Chapter Ten
Kallias
“No!” Nienna’s voice split the salted air, sharp as shattered glass.
Gods above, if the last thing I saw was her face—wind teasing sunshine strands of her braid—the mad sail across the sea would have been worth it.
Even I flinched when the black dragon—vast enough to eclipse our ship—recoiled from Nienna’s cry. Its horned head snapped toward the clouds.
I moved one pace closer to an enraged father with murder carved into his stare.

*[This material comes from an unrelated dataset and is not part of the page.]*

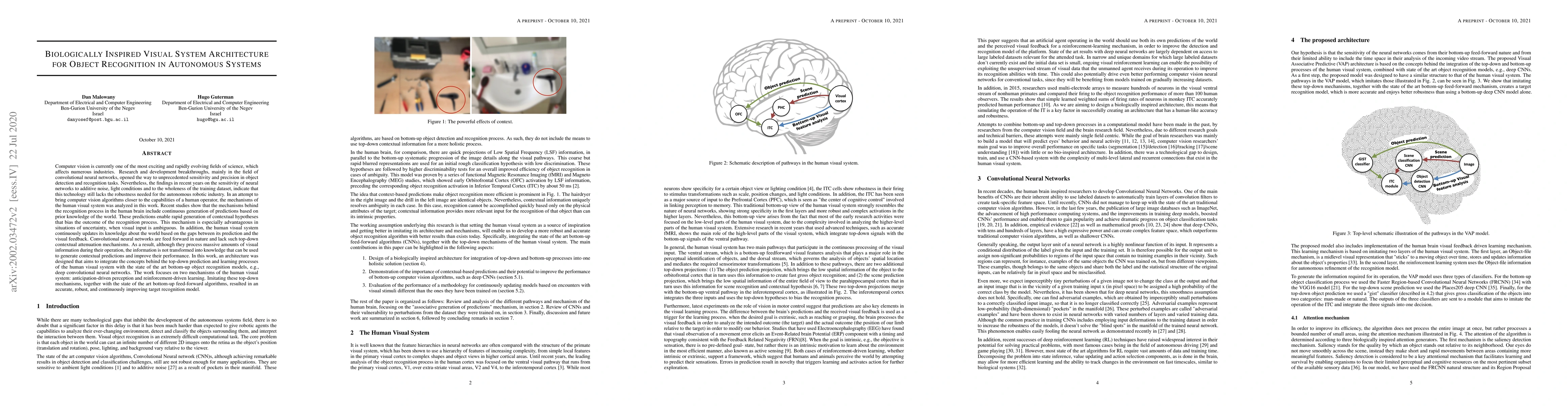 Findings in recent years on the sensitivity of convolutional neural networks to additive noise, light conditions and to the wholeness of the training dataset, indicate that this technology still lacks the robustness needed for the autonomous robotic industry. In an attempt to bring computer vision algorithms closer to the capabilities of a human operator, the mechanisms of the human visual system was analyzed in this work. Recent studies show that the mechanisms behind the recognition process in the human brain include continuous generation of predictions based on prior knowledge of the world. These predictions enable rapid generation of contextual hypotheses that bias the outcome of the recognition process. This mechanism is especially advantageous in situations of uncertainty, when visual input is ambiguous. In addition, the human visual system continuously updates its knowledge about the world based on the gaps between its prediction and the visual feedback. Convolutional neural networks are feed forward in nature and lack such top-down contextual attenuation mechanisms. As a result, although they process massive amounts of visual information during their operation, the information is not transformed into knowledge that can be used to generate contextual predictions and improve their performance. In this work, an architecture was designed that aims to integrate the concepts behind the top-down prediction and learning processes of the human visual system with the state of the art bottom-up object recognition models, e.g., deep convolutional neural networks. The work focuses on two mechanisms of the human visual system: anticipation-driven perception and reinforcement-driven learning. Imitating these top-down mechanisms, together with the state of the art bottom-up feed-forward algorithms, resulted in an accurate, robust, and continuously improving target recognition model.

His dragon shrieked, a bone-rattling sound, then hurled fire above me. A warning. He wouldn’t hesitate again.
I advanced.
Greaves’ armored tread echoed behind me, no balm for the thunder in my chest. Doubt fused with grim resolve. If this ended in my death, so be it. I would die chasing the one I loved.
Nienna was worth it.
Another step.
Nereus, King of Draconia, loomed ahead. Snow-white hair and a trimmed beard marked his age. Though leaner than me, his navy leathers clung to a warrior’s frame. Ice-pale eyes burned beneath furrowed brows, his face reddened with fury.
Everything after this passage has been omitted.